Model training and test

In this part, the second stage of an intact computation iteration, Model Training and Test, is introduced. Unlike conventional feature selection models, VRE is required to construct multiple models to match the batch-feature-input trick. As a result of the variable dimension for the feature batch selected by the Feature Selection stage (the number of features \(n\) computed simultaneously is either equal to max_fea when the number of features not computed previously is sufficient for compensation or the number of informative features assessed across the finished iterations), a customized new model with two parallel linear classification layers is established to match the dimension. Feature Evaluation, which is performed in the last stage of an iteration, is regarded as valid only if the model can achieve convergence (above-chance classification accuracy is obtained). To guarantee convergence, every model needs to be trained for at least 1000 epochs and tested every 200 epochs; the training epoch increases by 1000 epochs until the maximum (maximum epoch = 3000) if convergence is not achieved after the convergence evaluation implemented every 1000 epochs. Otherwise, the iteration is suspended, and the feature quantity is increased for the next iteration if the model is not convergent after 3000 epochs, given that the informative features are not sufficient for convergence. The first adversarial strategy expressed by the two parallel linear layers is introduced from the theoretical and algorithmic directions as described below.

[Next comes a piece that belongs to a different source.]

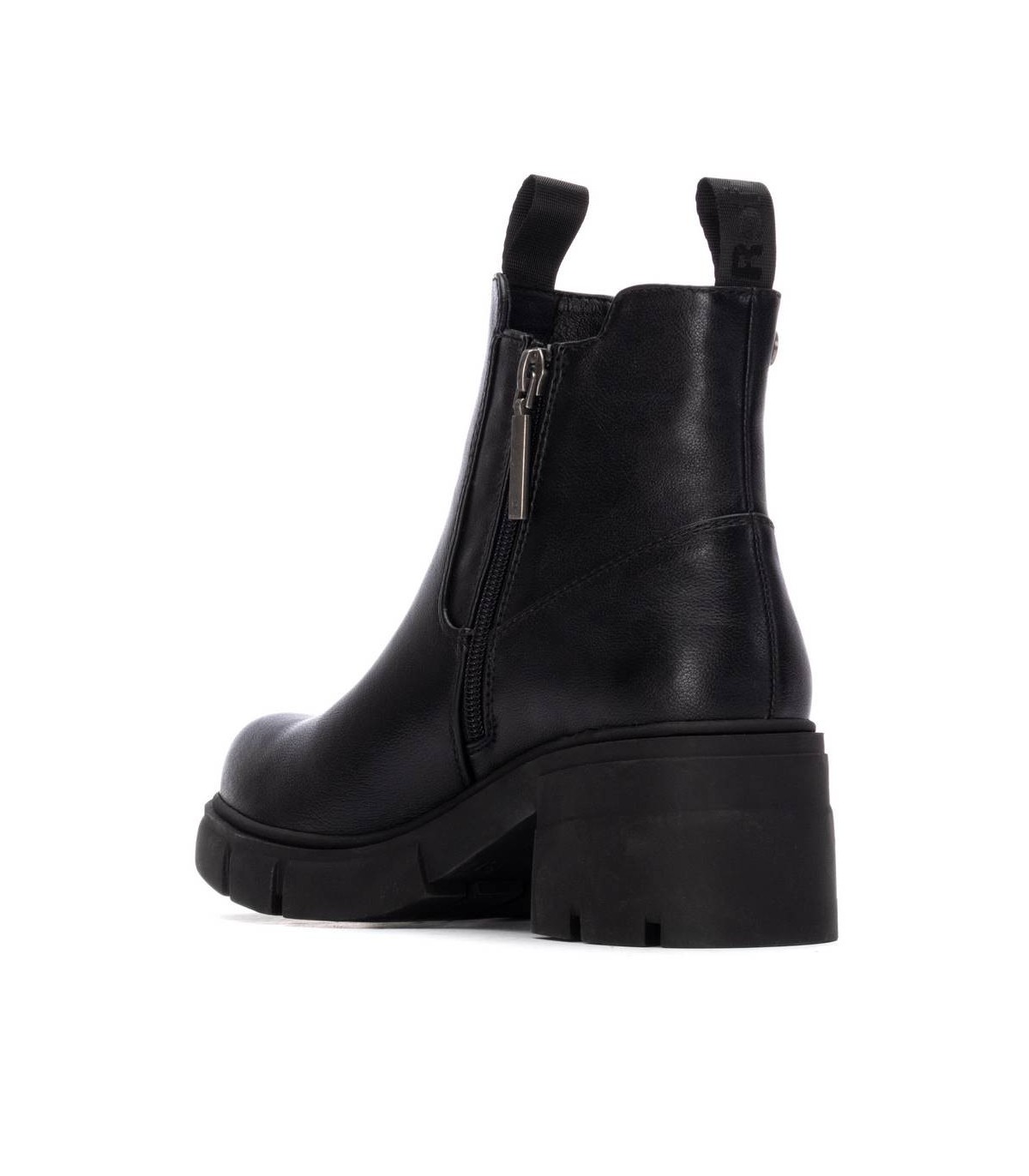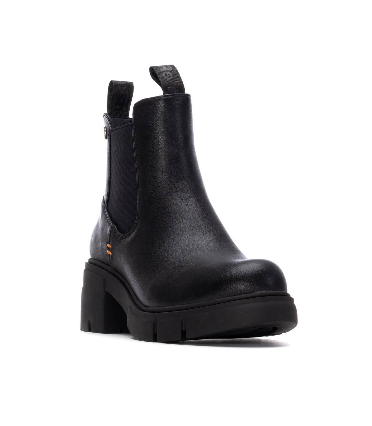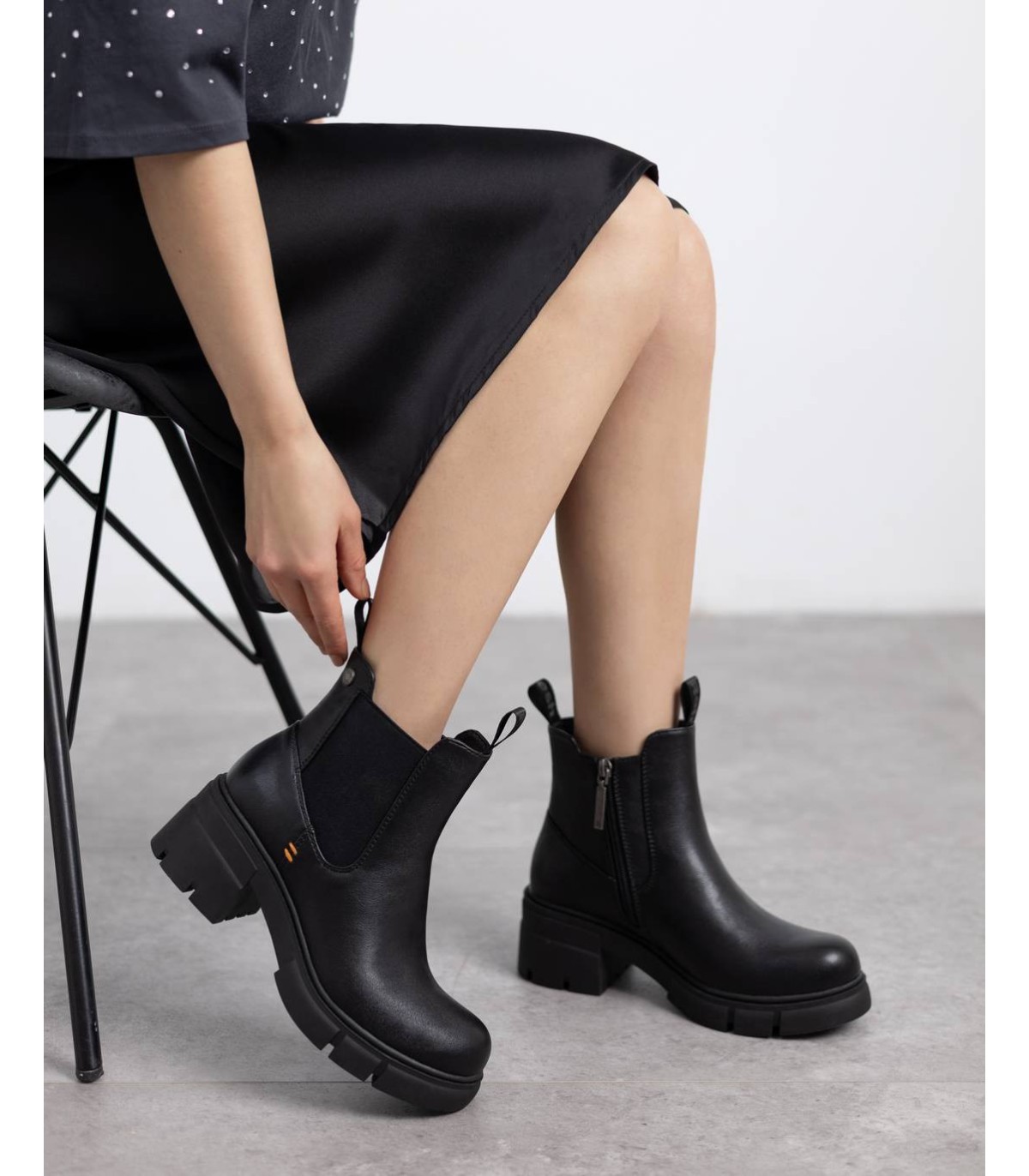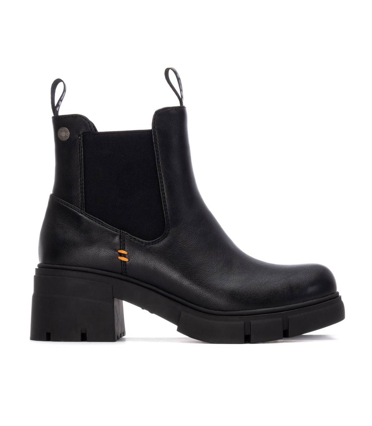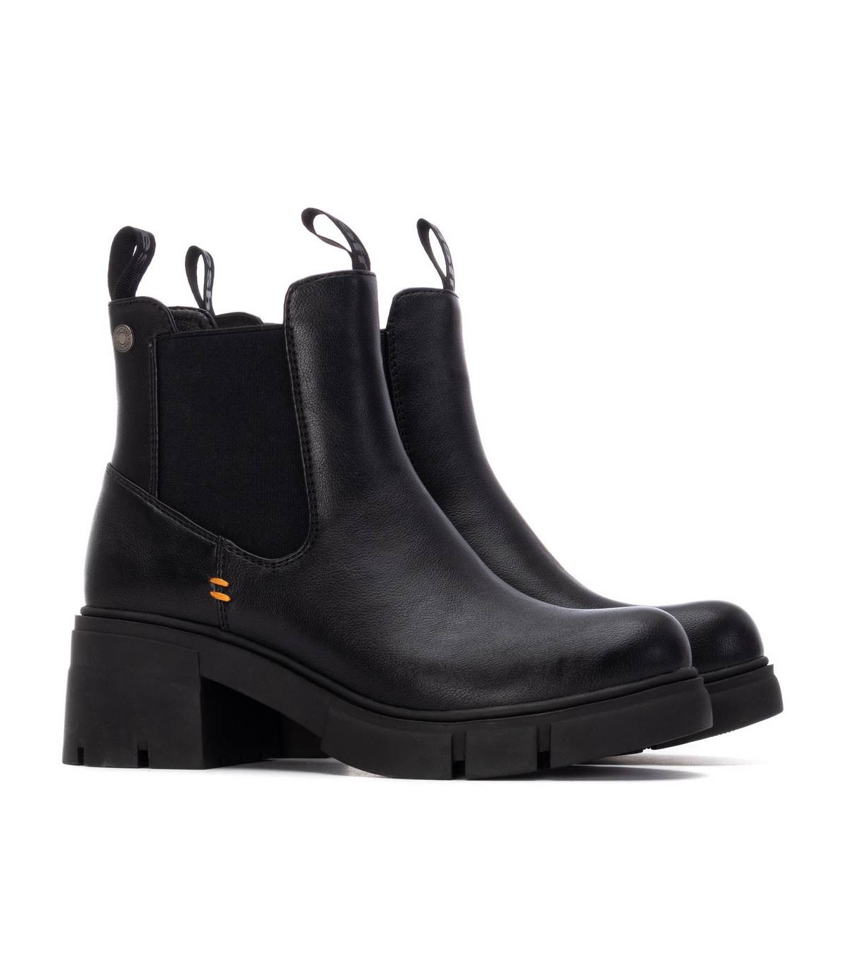 Botín de mujer, de la marca Refresh. Fabricada en material que imita a la piel. Botín tipo chelsea con cremallera interior. Tiradores delantero y trasero para facilitar la puesta. Cómoda planta. Tacón en bloque de 7 cm. Suela de goma antideslizante. Plantilla extraíble. Este modelo ha obtenido el certificado vegano por la organización mundial PETA (Organización de los derechos de los animales).

After Feature Selection, features with n dimensions are selected from the Data Matrix for the Time_i Model Training and Test stage, as shown in Fig. 9. The Training Data Matrix, \({{{{{{\bf{X}}}}}}}_{{{{{{\mathrm{Train}}}}}}}\) with dimensions \(m*n\), the rows of which signify the \(n\)-dimensional feature vectors selected from one volume, and \({{{{{{\bf{Y}}}}}}}_{{{{{{\mathrm{Train}}}}}}}\) with dimensions \(m*C\), is the corresponding \(C\)-dimensional (\(C\) categories in sum) one-hot true labels for the \(m\) training vectors. Correspondingly, \({{{{{{\bf{X}}}}}}}_{{{{{{\mathrm{Test}}}}}}}\) is the Test Data Matrix with dimensions \((M-m)*n\), and \({{{{{{\bf{Y}}}}}}}_{{{{{{\mathrm{Test}}}}}}}\) is the corresponding label matrix with dimensions \((M-m)*C\). As shown under the dashed line in the Model Training and Test stage of Fig. 9, test data are manipulated to assess the convergence of the model after 200 training epochs.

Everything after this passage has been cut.